Though I enjoyed working at the furniture store, I suffered some serious health complications; the years of paint and chemical fumes took a toll on me. Working indoors often with poor ventilation, I would get high on oil based paints. Many jobs required wood stripping – many dining rooms in these houses in Buffalo had wonderful wainscot panelling of oak, mahogany and other fine woods – we would cook up a special mixture of paint remover and Clorox that would strip the paint and bleach the wood at the same time. The toxicity of that is something awful, and I spent days, weeks breathing in such mixture in houses with, by our own poor decision making, poor ventilation. Either work in frigid conditions in the Buffalo winter or deal with some fumes. We chose the latter, being young and stupid.

Hitting Rock Bottom

It all came crashing down on me one night when my body simply gave out...I began convulsing and I felt like I was in some tunnel with the outside world far away. I was unable to sleep for over a day. I was freaked out and scared by my body's rejection of all the toxicity. It was a drastic wake-up call. I had no health insurance to speak of and a resultant trip to a clinic produced a diagnosis that it was all in my mind, which utterly pissed me off . So I began a series of fasting and diets, such as raw foods and macrobiotics, that seemed to have a very beneficial result, but also resulted in a massive loss of weight. At one point I went down to about 110 pounds, which is profoundly rail thin for a 5 foot 8 inch man. And I got so weak that I could no longer lift furniture well, so my boss gently fired me. It's not fun being fired, but in the end it was another moment of 'fierce grace' in my life.

Did you ever hear of the Zen story that goes like this about so-called bad events being good events? It goes like this:

Maybe

Once upon the time there was an old farmer who had worked his crops for many years. One day his horse ran away. Upon hearing the news, his neighbors came to visit. “Such bad luck,” they said sympathetically.

Maybe,” the farmer replied.

The next morning the horse returned, bringing with it three other wild horses. “How wonderful,” the neighbors exclaimed.

Maybe,” replied the old man.

The following day, his son tried to ride one of the untamed horses, was thrown, and broke his leg. The neighbors again came to offer their sympathy on his misfortune.

Maybe,” answered the farmer.

The day after, military officials came to the village to draft young men into the army. Seeing that the son’s leg was broken, they passed him by. The neighbors congratulated the farmer on how well things had turned out.

Maybe,” said the farmer.

Skinny PhilAfter a strict Macrobiotic diet, I went down to 110 lbs. I looked bad here, but I put on 20 pounds in the next 2 months

One of the nice benefits of being fired was being able to collect unemployment insurance, which gave me the time to get my health together and figure out what to do with my life. Over time, I took a lot of handy-man jobs to supplement my income, but my life seemed bleak, hopeless. I was poor, of suspect health, no girlfriend to speak of, living alone in a one bedroom apartment in the back of a house. Around Thanksgiving of 1980, I said to myself ENOUGH! ENOUGH! I AM GOING TO CHANGE MY LIFE, SOMEHOW SOMEWAY. I CANNOT GO ON LIKE THIS. I already have a college degree, could I leverage that to find a job? So I put my resume together and looked for positions in urban planning, but came up short. One really needed a masters degree in urban planning to even have a remote chance of getting the kind of job I wanted. I also went back and interviewed some of my college professors to see if they had any good ideas about what I should do. They didn't. I also applied for handyman jobs in community agencies and that also went nowhere. I needed a new approach.

Soul Searching

My initial search led me to What Color Is Your Parachute, a landmark book on job searching. It led me to a systematic search:

 1) To clearly understand what I was good at and

 2) Do what I have to do to further enhance what I find from #1 to land me a new job and career.

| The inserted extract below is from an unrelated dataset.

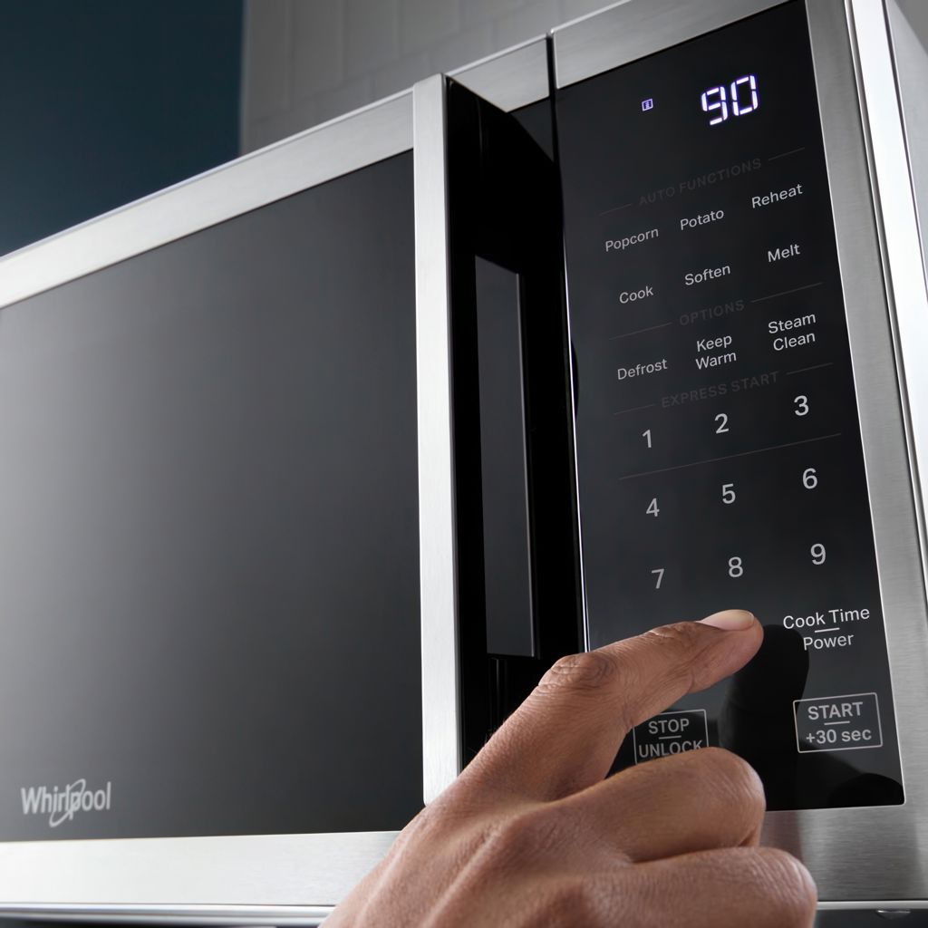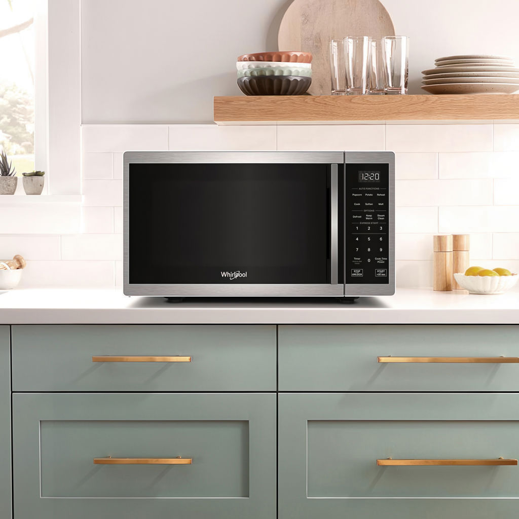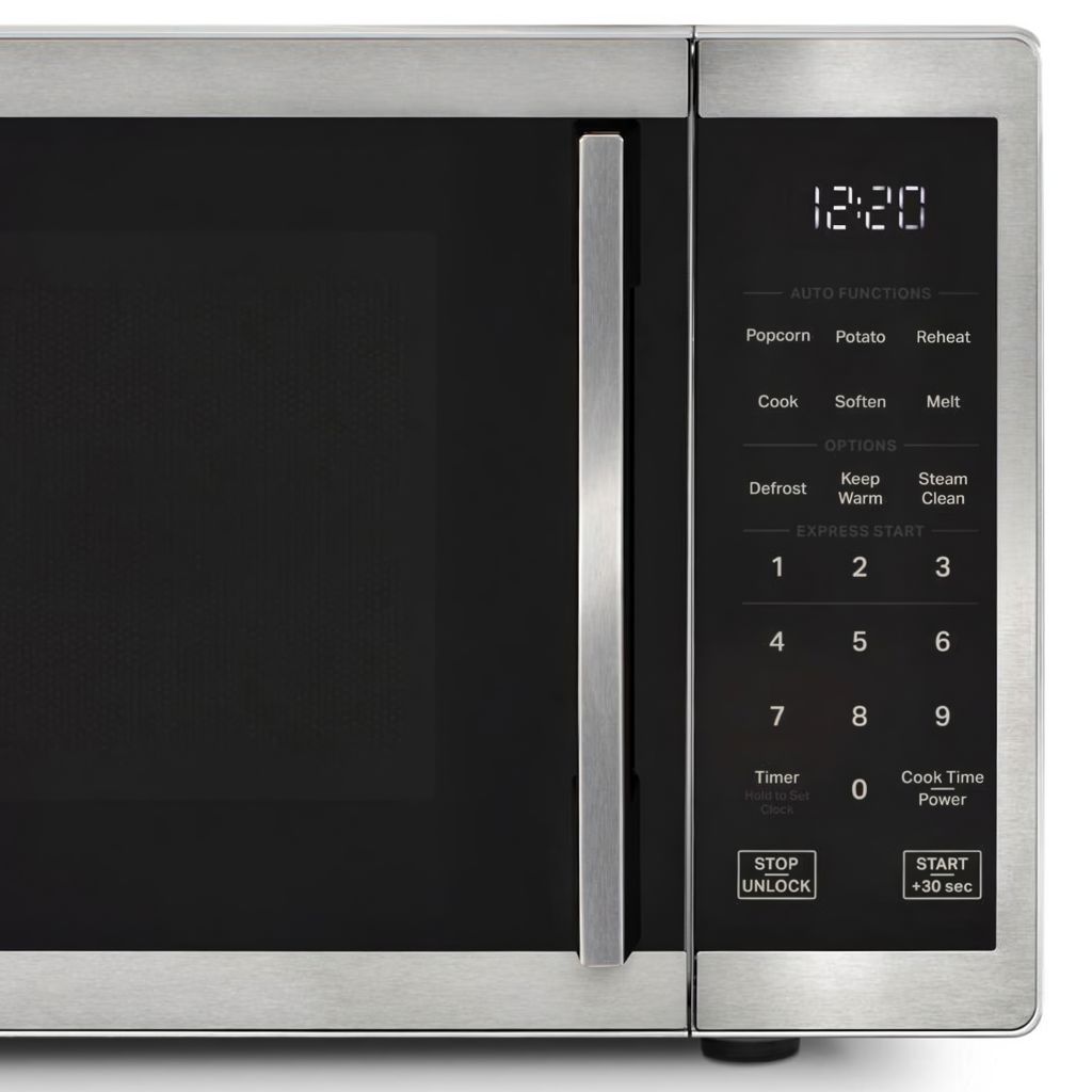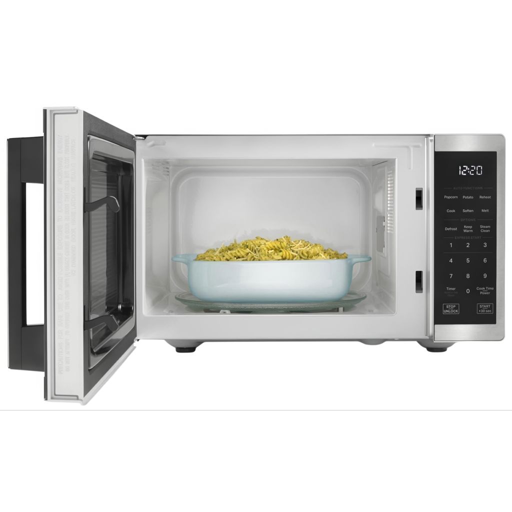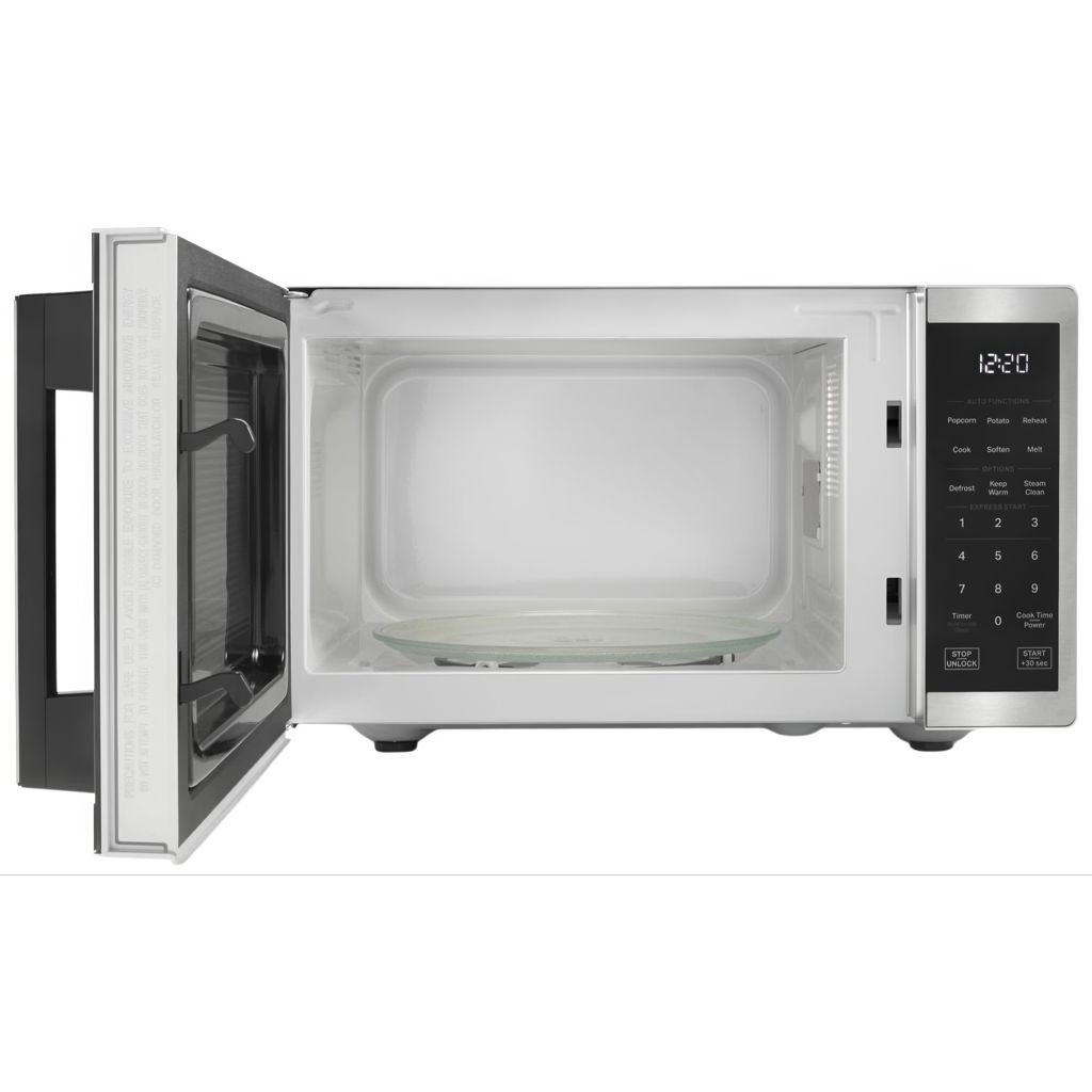This 0.9 cu. ft. capacity, 900-watt stainless steel microwave with electronic touch controls and white LED display will enhance your kitchen with its modern, user-friendly design, dishwasher-safe turntable and steam cleaning system.

So I spent a lot of time writing, jotting down all the things that I have done in my life, no matter how small and insignificant the successes were, in order to find patterns of behavior and talent potential in me – I simply had to understand myself at a functional level in order to even begin a life change. I was about 27 at the time and going through this process, it was clear to me that my personality wasn't fully formed as a young man. It was a part of the process of growth and maturation that I was undergoing via some hard lessons.

But some patterns, abilities, qualities, etc, became clear as I went through this somewhat exhaustive exercise. And as I continued, the mystery known as “my future” began to take clear shape.My next step was to return to the University of Buffalo career placement office. I had found out that they offered career counseling. Some of the counseling involved taking tests to see what a person should specialize in. Some were vaguely helpful. But one test was striking to me: The Strong Campbell Interest Inventory Test. This particular test not only gave one a particular score in various categories of abilities, it matched those scores with working professionals to help give a person some insight as to a career choice. Clue #1 came easily from this test. I rocked in analytic ability and my score profile matched two professions very clearly:

Hmmn, analyzing people or computers? Then I took another controversial step – I went to see an astrologer who specialized in career choices. Her response was sharp, clear and unequivocal, “Phil you've got to get into computer science”. Clue #2. (later in life, I studied Vedic Astrology and in understanding my own chart, it is really a no-brainer).

Meanwhile...

Meanwhile, as I was going through this soul and job search, somewhere in a garage in Northern California, Steve Jobs and Steve Wozniak were designing the Apple I computer, and engineers at IBM were outsourcing their operating system work for a revolutionary new thing called a Personal Computer to a small company in Seattle called Microsoft...

Reverse Interviewing

After a bit more time, it was clear to me that I would embark in a new career choice of computer programming. But before I did that, I took the advice of the author of What Color is Your Parachute: really investigate, what are the day to day duties of the person of the career of your choice? Don't you owe it to yourself to do a little research to find out if you resonate with the kinds of tasks that you will be doing for a majority of your waking life for possibly the rest of your life? I sure did, and I wanted to be absolutely clear on what I was getting into before I took the step of re-training for computer programming.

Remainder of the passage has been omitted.